There are only two more paragraphs in Collins' piece, each of two sentences. The penultimate paragraph frames the issue of loyalty clearly:
The Giuliani version of loyalty, which bears a terrifying resemblance to the George W. Bush brand of loyalty, is entirely about self-protection. An administration safe beneath the loyalty cone does not have to worry much about leaks to the press, or even whistle-blowing.
And the final paragraph reminds us of the cost of such loyalty, as experienced by New Yorkers:
People can screw up, or fail to achieve their missions, knowing the guy at the top will protect them as long as they put his well-being ahead of anything else. When disaster strikes, the whole world may be falling apart, but they will all be clumped together, walking north.
I have a simple test for those who would seek my support for political office. Let me frame it by two quotes, one applicable for those who seek the highest official office in the land, and the other for those seeking any other office.

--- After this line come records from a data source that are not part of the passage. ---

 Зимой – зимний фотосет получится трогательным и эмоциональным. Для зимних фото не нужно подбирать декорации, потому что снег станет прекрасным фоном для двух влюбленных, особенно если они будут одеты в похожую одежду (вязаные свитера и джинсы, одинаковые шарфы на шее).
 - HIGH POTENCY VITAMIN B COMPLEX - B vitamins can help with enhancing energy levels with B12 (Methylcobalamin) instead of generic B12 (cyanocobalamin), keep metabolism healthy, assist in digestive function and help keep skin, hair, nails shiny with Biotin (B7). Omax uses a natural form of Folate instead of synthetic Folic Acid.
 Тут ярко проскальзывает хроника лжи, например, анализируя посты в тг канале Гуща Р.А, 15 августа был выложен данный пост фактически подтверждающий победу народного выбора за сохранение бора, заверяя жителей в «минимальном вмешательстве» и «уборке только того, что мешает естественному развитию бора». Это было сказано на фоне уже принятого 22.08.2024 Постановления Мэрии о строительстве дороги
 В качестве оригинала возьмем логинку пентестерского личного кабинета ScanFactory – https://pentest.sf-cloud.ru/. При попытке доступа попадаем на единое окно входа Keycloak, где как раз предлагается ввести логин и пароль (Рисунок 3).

For presidential aspirants:
''I do solemnly swear (or affirm) that I will faithfully execute the Office of President of the United States, and will to the best of my Ability, preserve, protect and defend the Constitution of the United States.''
And for the others:
The Senators and Representatives before mentioned, and the Members of the several State Legislatures, and all executive and judicial Officers, both of the United States and of the several States, shall be bound by Oath or Affirmation, to support this Constitution; but no religious Test shall ever be required as a Qualification to any Office or public Trust under the United States.

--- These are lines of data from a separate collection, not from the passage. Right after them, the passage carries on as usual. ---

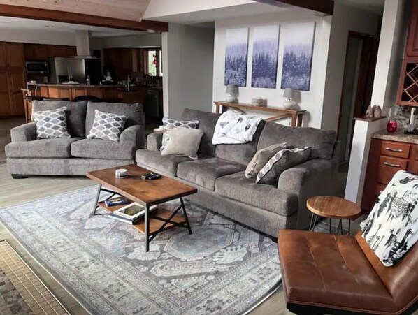 The Snurfer House was a pleasure to stay at. Everything was clean and organized. Beds were comfy. We had enough rooms for our unmarrieds to each have their own. Daughter enjoyed the tub in the upstairs bath; big fan of the rain shower in the master bath! Amenities like fire pit and hot tub were nice to know about, but we did not take advantage since it was so hot! Thank you for opening your house to guests!
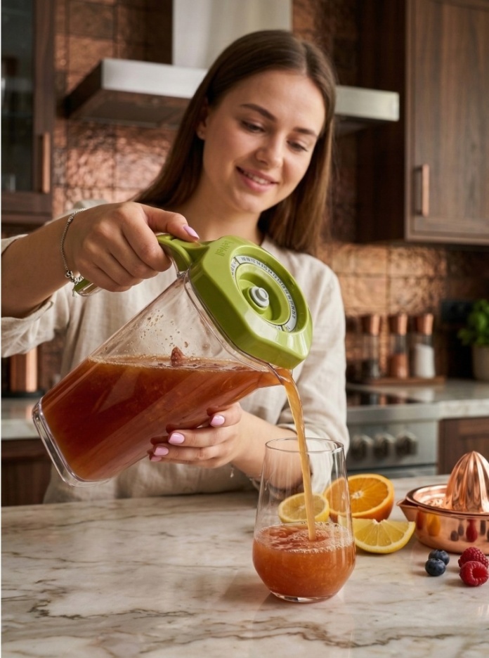 Dzięki dołączonej pompce usuwasz powietrze z wnętrza dzbanka, ograniczając proces utleniania. To sprawia, że napoje dłużej zachowują smak, aromat i wartości odżywcze.
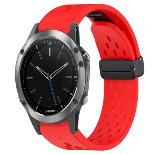 Correa de Reloj Silicona Garmin Quatix 5 Zafiro Orificio Hebilla Plegable 22mm (Rojo)
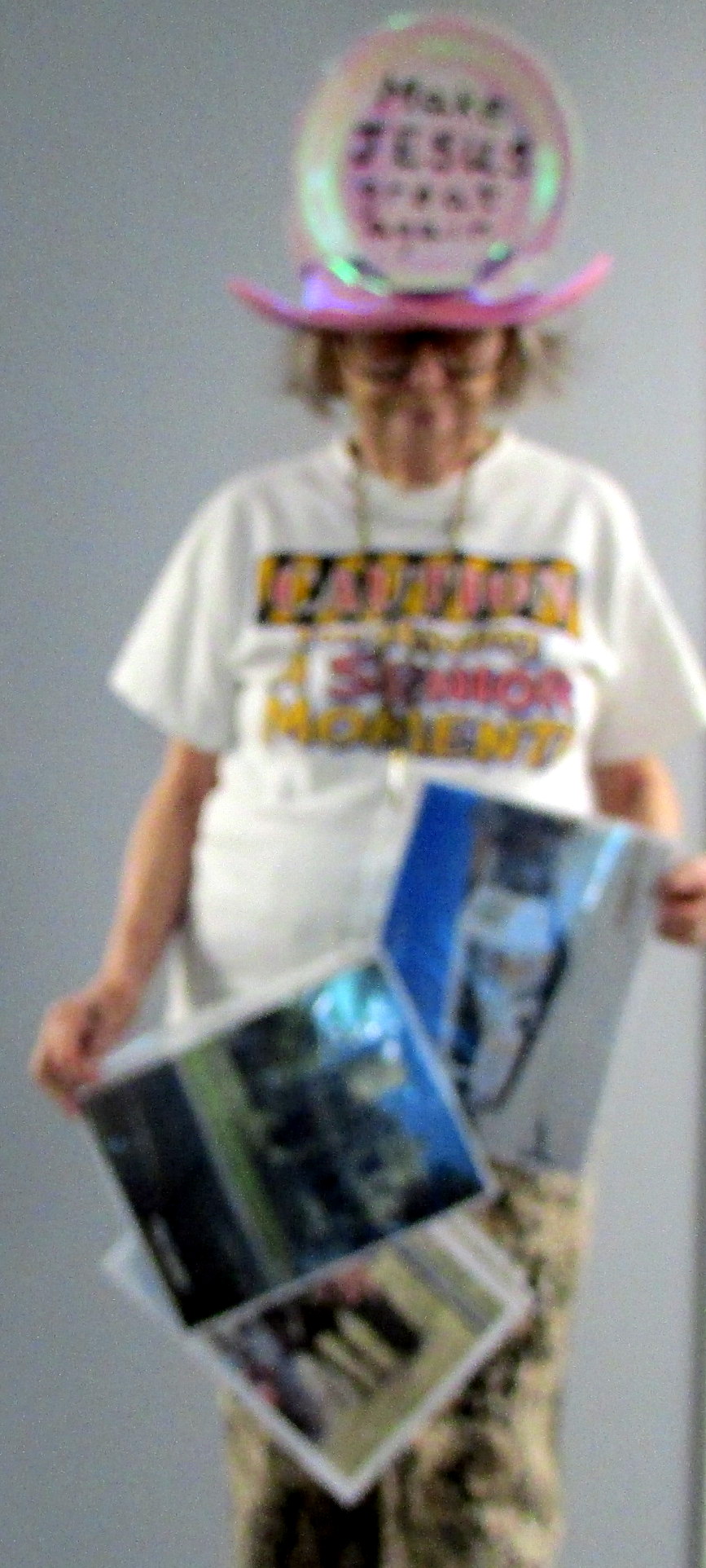 Two days and “no climbing trees.” No Ancestry/ancestry. Today I worked on two projects relating to activities at our retirement home. Two or three times a month, our bus driver gives us a tour around the city of Waco. Sadly, only two or three of us are participating. It is my goal to do some advertising in an effort to get more participants. It took several hours to hang the pictures on a necklace and create the display. I will be a walking and talking billboard. Why did it take so long? I knew I should reinforce the holes on the page protectors. Then (perfectionist that I am) I had to get the pages appropriately positioned. Fuzzy picture because my old camera is tired of taking pictures of Lorraine having another “Senior moment.”

I do not agree with the sentiments expressed by Forster, as much as I might admire his work as a writer. I expect a certain amount of loyalty to friends, but I expect something more, especially from those who would seek to act in position of political leadership.
Perhaps it is because I teach government, am a student of history, and have been a member of minority religions. My loyalty is to an ideal, one expressed perhaps incompletely in the founding of this nation - I acknowledge that founding included neither women nor blacks as full members of the political society being established. I am all too much aware of the history of discrimination and repression that has been a continuing strand in this nation. My own involvement in civil rights stems directly from recognizing that the ideals espoused in our founding were not accessible to all who lived here, and I found that intolerable.

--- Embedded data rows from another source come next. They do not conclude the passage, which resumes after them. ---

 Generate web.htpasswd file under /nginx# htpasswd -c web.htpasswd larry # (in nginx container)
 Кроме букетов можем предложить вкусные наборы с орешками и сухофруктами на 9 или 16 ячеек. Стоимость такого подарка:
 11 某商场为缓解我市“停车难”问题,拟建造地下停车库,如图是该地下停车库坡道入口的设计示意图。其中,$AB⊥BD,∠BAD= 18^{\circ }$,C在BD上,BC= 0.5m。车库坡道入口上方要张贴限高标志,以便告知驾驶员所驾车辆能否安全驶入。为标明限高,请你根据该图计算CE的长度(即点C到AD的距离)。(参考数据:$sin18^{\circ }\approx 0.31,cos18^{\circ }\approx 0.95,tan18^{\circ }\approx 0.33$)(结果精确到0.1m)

Barbara Jordan expressed as well as anyone my commitment to the ideals of the Constitution, in the 2nd and 3rd paragraphs of her statement to the House Judiciary Committee when it began its work on the impeachment of Richard M. Nixon on July 25, 1974. I was spending some time living with some Benedictine monks, who broke from their normal practice of only watching TV on Sunday afternoons because of the importance of the occasion. I was electrified by her words, which I offer to you:
Earlier today, we heard the beginning of the Preamble to the Constitution of the United States: "We, the people." It's a very eloquent beginning. But when that document was completed on the seventeenth of September in 1787, I was not included in that "We, the people." I felt somehow for many years that George Washington and Alexander Hamilton just left me out by mistake. But through the process of amendment, interpretation, and court decision, I have finally been included in "We, the people."Today I am an inquisitor. An hyperbole would not be fictional and would not overstate the solemnness that I feel right now. My faith in the Constitution is whole; it is complete; it is total. And I am not going to sit here and be an idle spectator to the diminution, the subversion, the destruction, of the Constitution.
My political participation is driven by the same principle espoused by Barbara Jordan: And I am not going to sit here and be an idle spectator to the diminution, the subversion, the destruction, of the Constitution. My political support is conditioned upon the commitment to those principle of the person who seek my support. That is the only test of loyalty I will acknowledge or accept.
I will not say "My country, right or wrong, still my country" because when my country is wrong I consider it my obligation to challenge it precisely because it is my country. That is my loyalty, and it is the kind of loyalty I hope to find in those who seek high office on our behalf.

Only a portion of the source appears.